The rate of death to Corona Virus continues to climb daily. But we are not deterred; we continue to find new ways to do ministry. We try to live in safe, healthy, and caring ways with each other and the world.
There are practical and spiritual ways we are trying to live out our commitments to Christ and to the world in these days of living with the Corona Virus in our midst. We share them with you and invite you to modify them for your context and ministry.
We listen to what health experts in our context say are the best ways to stay safe and healthy—and then do them. As Lutherans, we do not go against them in the Name of Jesus.
Since keeping a distance from other people is a way to stop the disease, we try to find ways other than gathering in groups and in the church sanctuary to be church together (Social Media platforms with video capabilities, regular telephone calls, email, or texts by congregation leaders and pastors to members of the congregation.)
We do not make exceptions to the policies of social distancing and staying at home for “special” people.
We are doing everything in our power to help people who have limited or no income since they are the hardest hit economically.
We keep in mind the key points of the mission of our church. In the Lutheran Church in Liberia, we run every new idea for how we need to respond through the three lenses of Preaching, Teaching, and Healing. The question we ask is how does this fulfill the mission of the Lutheran Church in Liberia and the mission of Jesus Christ among us.
While being physically apart, we find it necessary to keep in touch regularly with as many of our people as possible. The Bishop of the Lutheran Church in Liberia is in regular touch by radio, phone, and social media platforms with the pastors and people of the church (things we did not have to do before). Pastors and Church Council leaders in parishes are calling members to check-in and to pray over the telephone with them. Some places where the internet is available and used, people have established parish groups to stay in touch.

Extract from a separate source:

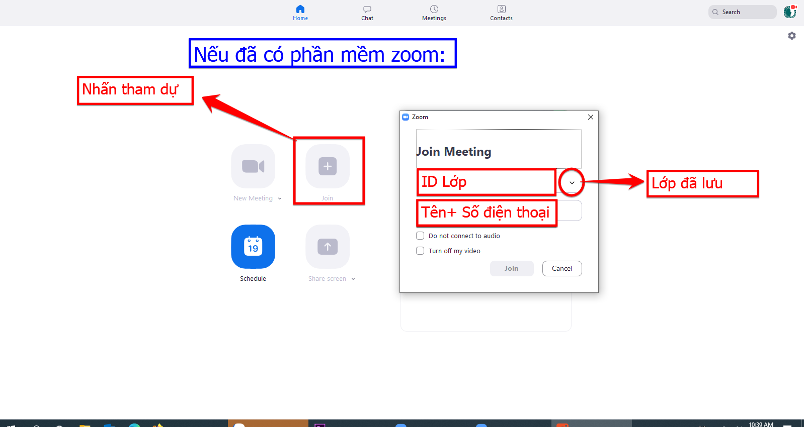 Bước 1: Chọn phần mềm Zoom và chọn ID/ mật khẩu (nếu có)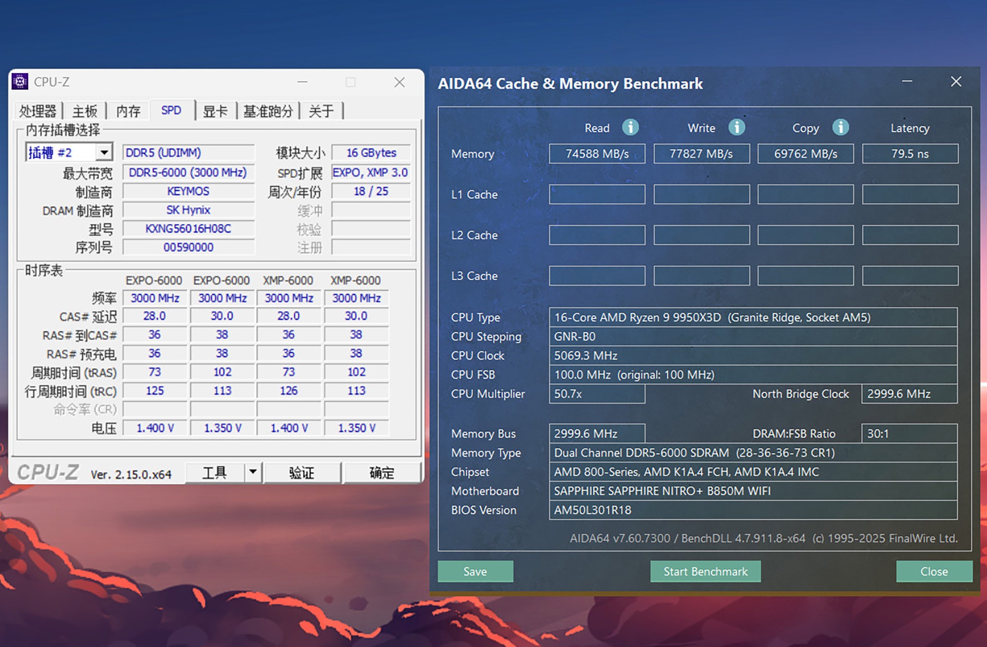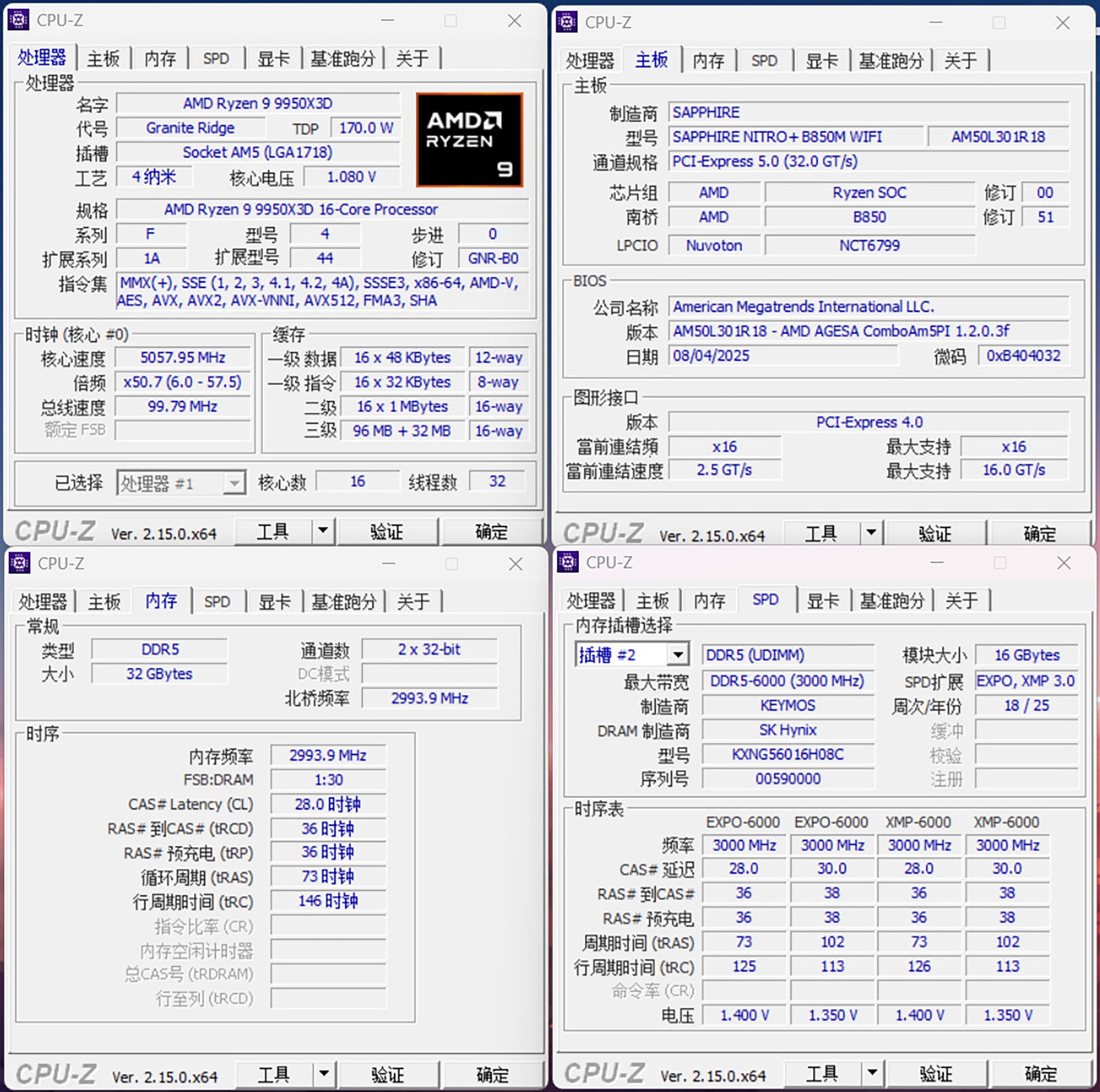 AMD锐龙9 9950X3D处理器采用双CCD架构设计,拥有十六核心三十二线程,本次测试开启PBO功能,根据检测软件CPU-Z所显示,科摩思天河玄女DDR5内存条的SPD中内置四套不同的频率时序参数,XMP与EXPO参数各两套,其中EXPO:6000MT/s CL28、6000MT/s CL30;XMP:6000MT/s CL28、6000MT/s CL30。

In closing, there are many more ways to be church during this time, but you need to determine that for your context. However, here’s a statement taken from a letter by Martin Luther, written during the plague in the early 1500s. It is a timely reminder of how our faith and our theology has in the past and can now form our practice:
“I shall ask God mercifully to protect us. Then I shall fumigate, help purify the air, administer medicine and take it. I shall avoid places and persons where my presence is not needed in order not to become contaminated and thus perchance inflict and pollute others and so cause their death as a result of my negligence. If God should wish to take me, he will surely find me and I have done what he has expected of me and so I am not responsible for either my own death or the death of others. If my neighbor needs me however, I shall not avoid place or person but will go freely as stated above. See this is such a God-fearing faith because it is neither brash nor foolhardy and does not tempt God.” (In a letter to Rev. Dr. John Hess, found in Luther’s Works, Volume 43 p. 132, as “Whether one may flee from a Deadly Plague”).